_Material provided:_
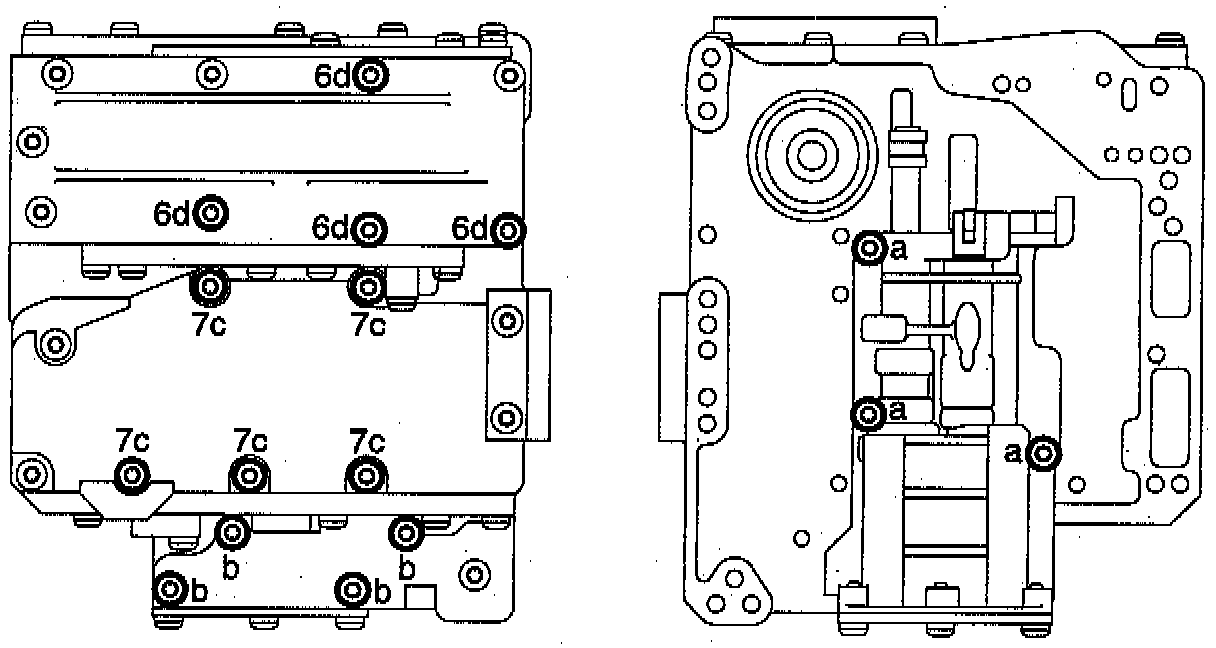 8. Check that the parts of the valve body are directly above each other and then torque tighten all screws.
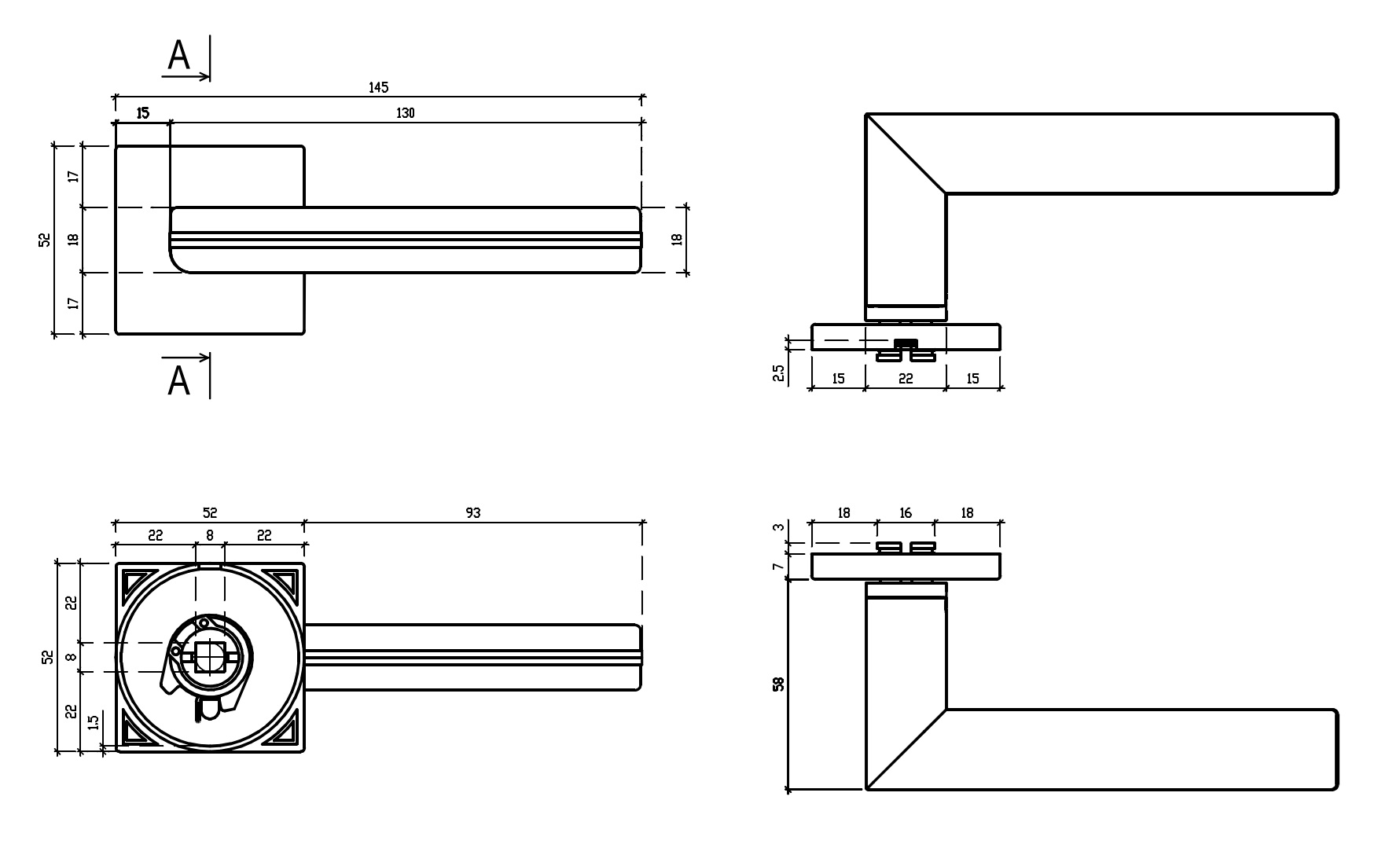 De set is geschikt voor binnendeuren tot 44 mm en wordt per paar geleverd met 7 mm slim rozet, 8×8 mm vierkantstift en alle montagematerialen. Voor dikkere deuren zijn langere bevestigingen optioneel beschikbaar.
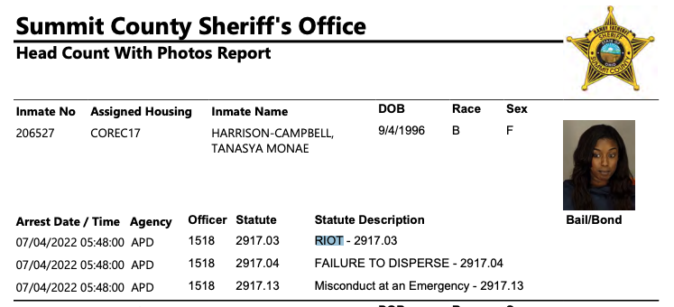 Arrested during Akron BLM riots. Arrest Date / Time Agency Officer Statute Statute Description Bail/Bond 07/04/2022 04:58:00 APD 1518 2917.03 RIOT - 2917.03 07/04/2022 04:58:00 APD 1518 2917.11 DISORDERLY CONDUCT - 2917.11 07/04/2022 04:58:00 APD 1518 2917.04 FAILURE TO DISPERSE - 2917.04

_How to complete this task:_ Instruction for this listing: copy it exactly, but leave the images behind.

_The answer:_
 8. Check that the parts of the valve body are directly above each other and then torque tighten all screws.
 De set is geschikt voor binnendeuren tot 44 mm en wordt per paar geleverd met 7 mm slim rozet, 8×8 mm vierkantstift en alle montagematerialen. Voor dikkere deuren zijn langere bevestigingen optioneel beschikbaar.
 Arrested during Akron BLM riots. Arrest Date / Time Agency Officer Statute Statute Description Bail/Bond 07/04/2022 04:58:00 APD 1518 2917.03 RIOT - 2917.03 07/04/2022 04:58:00 APD 1518 2917.11 DISORDERLY CONDUCT - 2917.11 07/04/2022 04:58:00 APD 1518 2917.04 FAILURE TO DISPERSE - 2917.04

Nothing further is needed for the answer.